● **AIM OF THE TASK**
Reproduce exactly the line containing "Передвижной бункер - термобокс" and each line after it until the listing ends, leaving pictures out.

● **RECORDED INFORMATION**
........

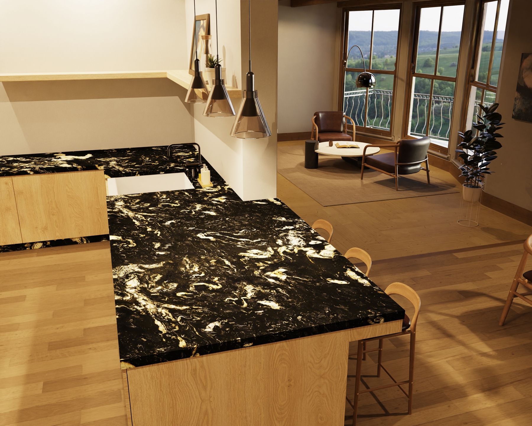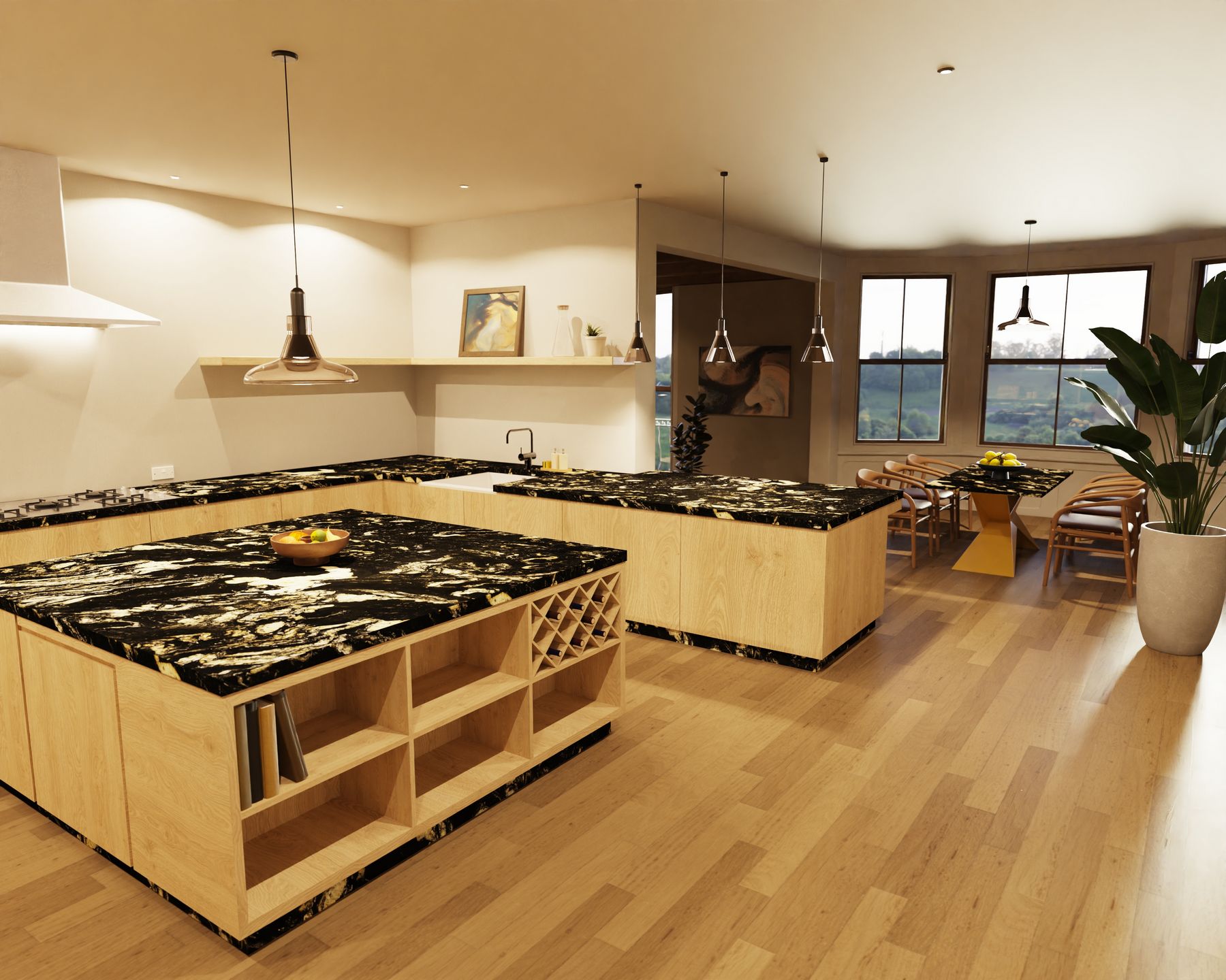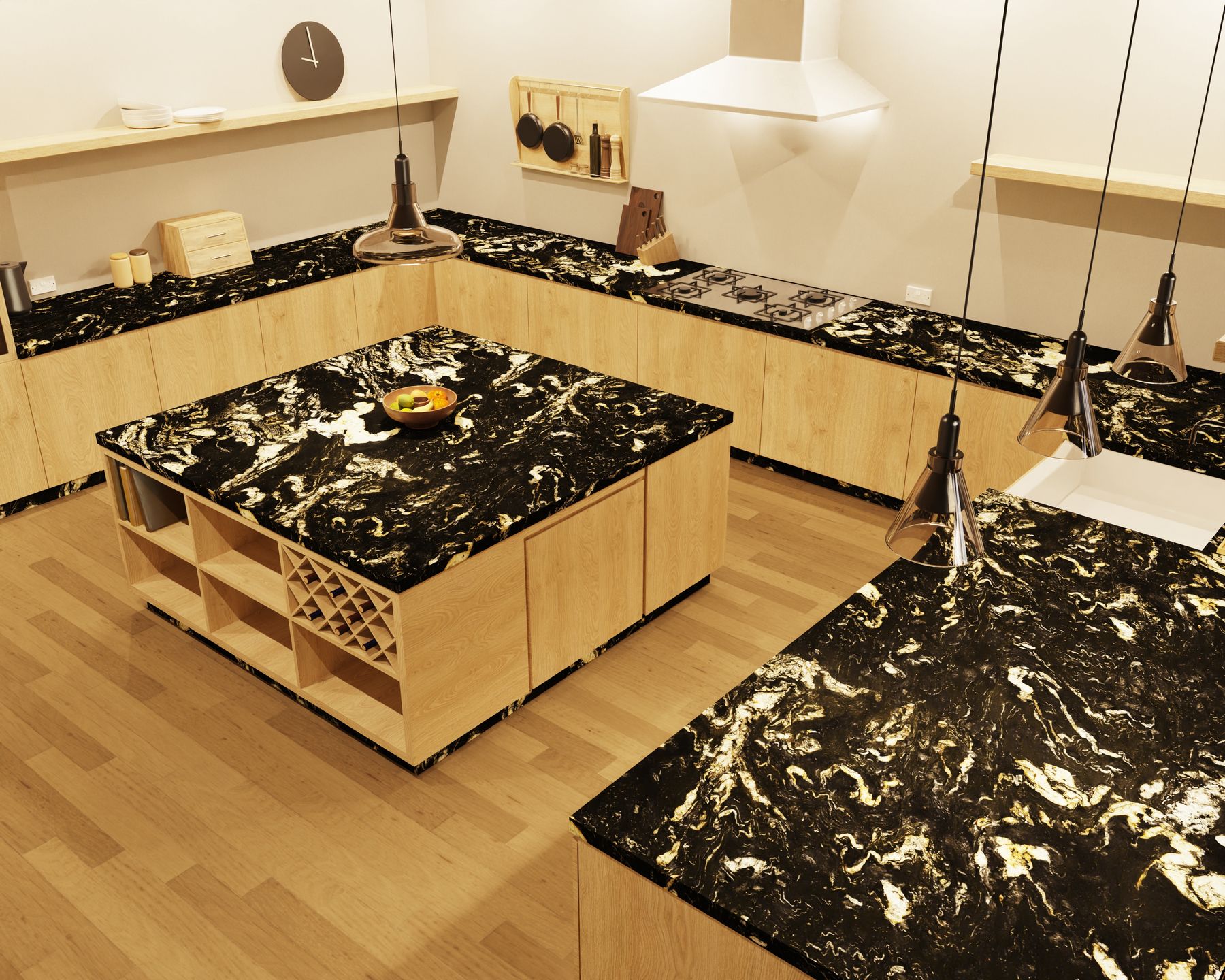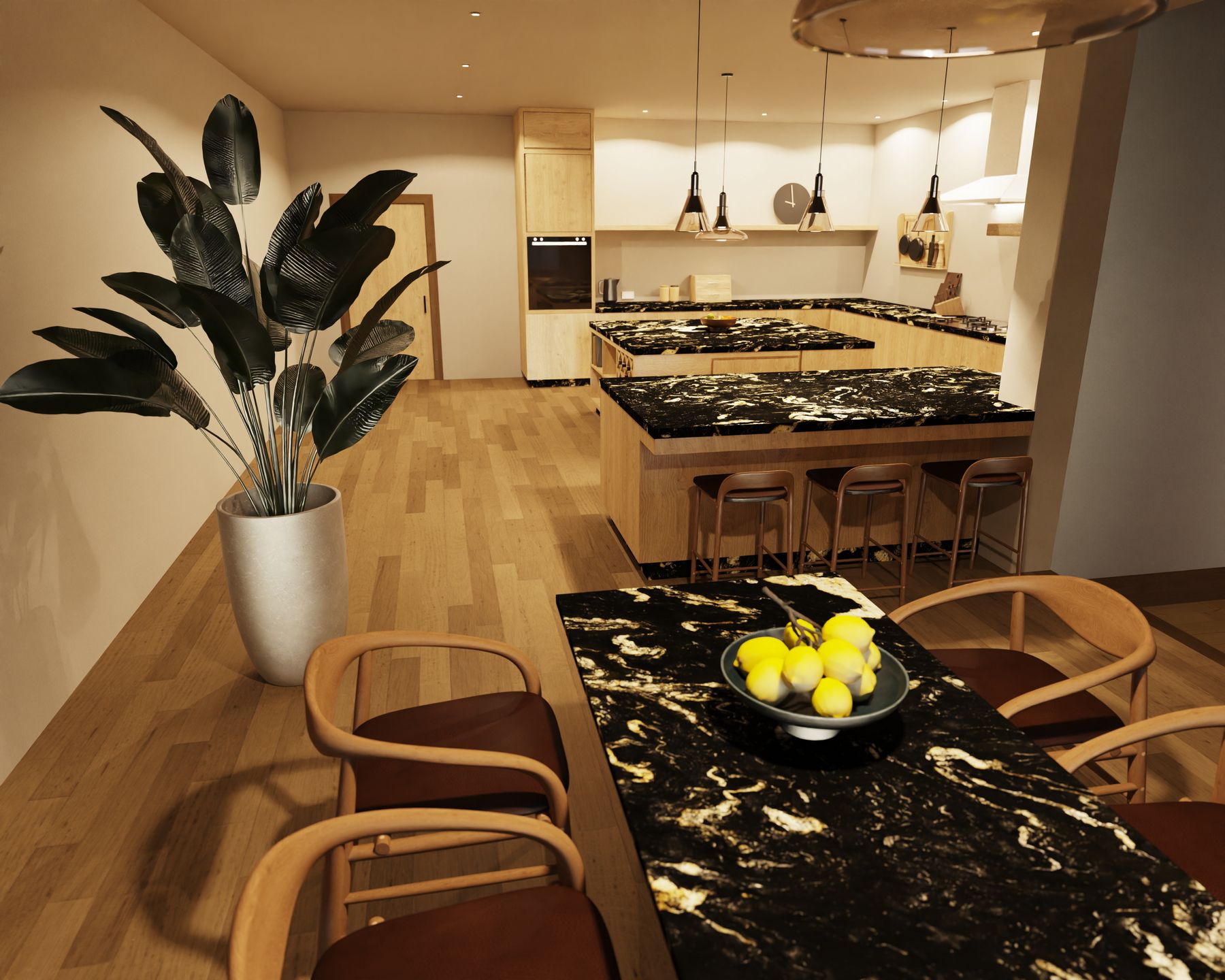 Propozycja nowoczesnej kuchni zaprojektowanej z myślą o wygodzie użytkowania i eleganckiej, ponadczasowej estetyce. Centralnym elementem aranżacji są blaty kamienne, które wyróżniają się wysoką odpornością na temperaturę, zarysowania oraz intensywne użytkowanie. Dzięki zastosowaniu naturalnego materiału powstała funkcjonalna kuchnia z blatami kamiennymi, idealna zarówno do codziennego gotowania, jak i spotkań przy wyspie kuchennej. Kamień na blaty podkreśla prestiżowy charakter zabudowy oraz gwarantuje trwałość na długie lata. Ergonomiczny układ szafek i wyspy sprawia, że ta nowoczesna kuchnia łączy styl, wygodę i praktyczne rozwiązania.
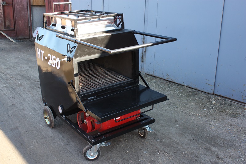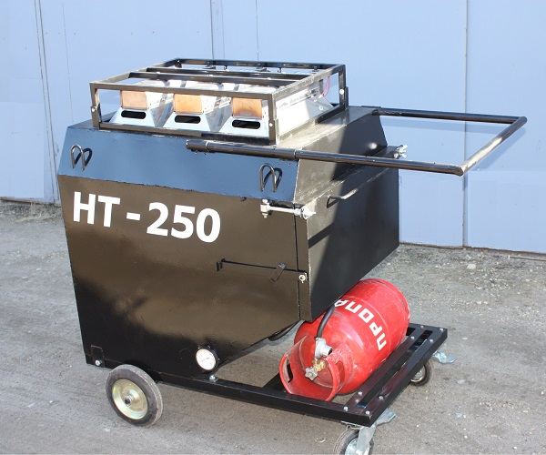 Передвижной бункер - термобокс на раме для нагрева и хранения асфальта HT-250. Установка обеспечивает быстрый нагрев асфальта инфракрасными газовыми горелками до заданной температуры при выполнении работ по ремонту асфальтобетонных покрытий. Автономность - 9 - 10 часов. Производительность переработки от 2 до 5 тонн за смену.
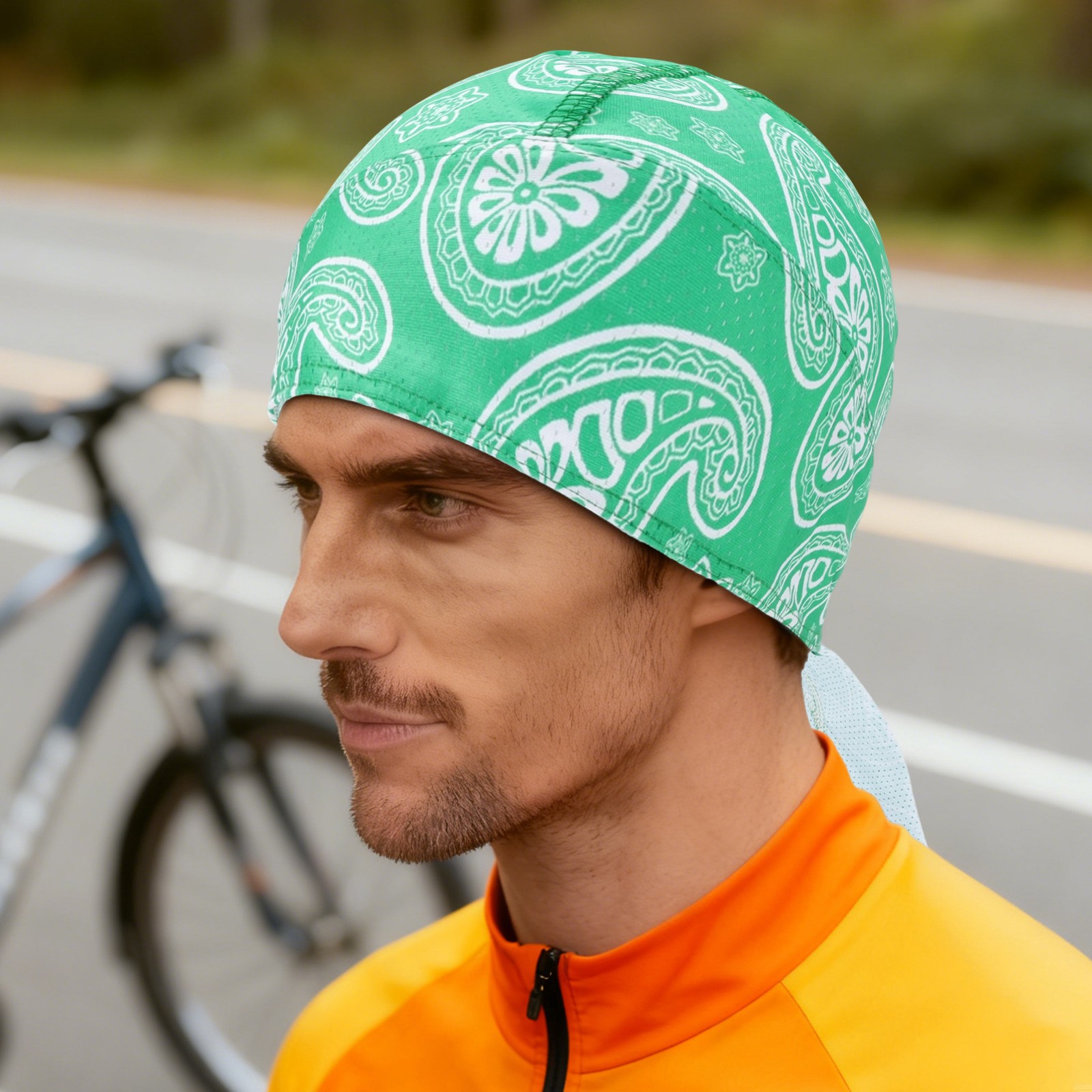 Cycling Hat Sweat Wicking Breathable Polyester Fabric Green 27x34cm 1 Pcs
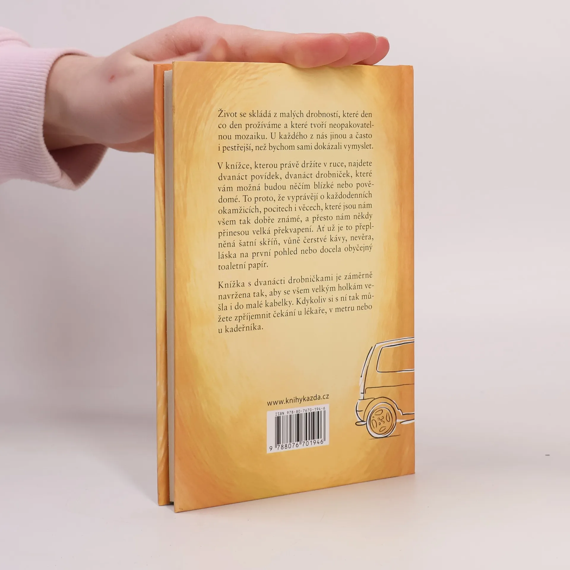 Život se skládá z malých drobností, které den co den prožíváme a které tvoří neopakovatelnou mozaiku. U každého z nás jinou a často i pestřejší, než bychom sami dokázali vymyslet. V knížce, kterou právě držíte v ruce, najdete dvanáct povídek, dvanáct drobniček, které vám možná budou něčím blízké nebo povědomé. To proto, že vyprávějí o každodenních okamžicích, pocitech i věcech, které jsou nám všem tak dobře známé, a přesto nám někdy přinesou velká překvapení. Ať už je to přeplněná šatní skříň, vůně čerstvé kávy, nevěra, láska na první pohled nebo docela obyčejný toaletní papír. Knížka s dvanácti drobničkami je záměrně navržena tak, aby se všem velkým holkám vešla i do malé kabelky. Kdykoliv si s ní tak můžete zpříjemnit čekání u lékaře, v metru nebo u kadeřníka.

........

● **WRITTEN REPLY**
 Передвижной бункер - термобокс на раме для нагрева и хранения асфальта HT-250. Установка обеспечивает быстрый нагрев асфальта инфракрасными газовыми горелками до заданной температуры при выполнении работ по ремонту асфальтобетонных покрытий. Автономность - 9 - 10 часов. Производительность переработки от 2 до 5 тонн за смену.
 Cycling Hat Sweat Wicking Breathable Polyester Fabric Green 27x34cm 1 Pcs
 Život se skládá z malých drobností, které den co den prožíváme a které tvoří neopakovatelnou mozaiku. U každého z nás jinou a často i pestřejší, než bychom sami dokázali vymyslet. V knížce, kterou právě držíte v ruce, najdete dvanáct povídek, dvanáct drobniček, které vám možná budou něčím blízké nebo povědomé. To proto, že vyprávějí o každodenních okamžicích, pocitech i věcech, které jsou nám všem tak dobře známé, a přesto nám někdy přinesou velká překvapení. Ať už je to přeplněná šatní skříň, vůně čerstvé kávy, nevěra, láska na první pohled nebo docela obyčejný toaletní papír. Knížka s dvanácti drobničkami je záměrně navržena tak, aby se všem velkým holkám vešla i do malé kabelky. Kdykoliv si s ní tak můžete zpříjemnit čekání u lékaře, v metru nebo u kadeřníka.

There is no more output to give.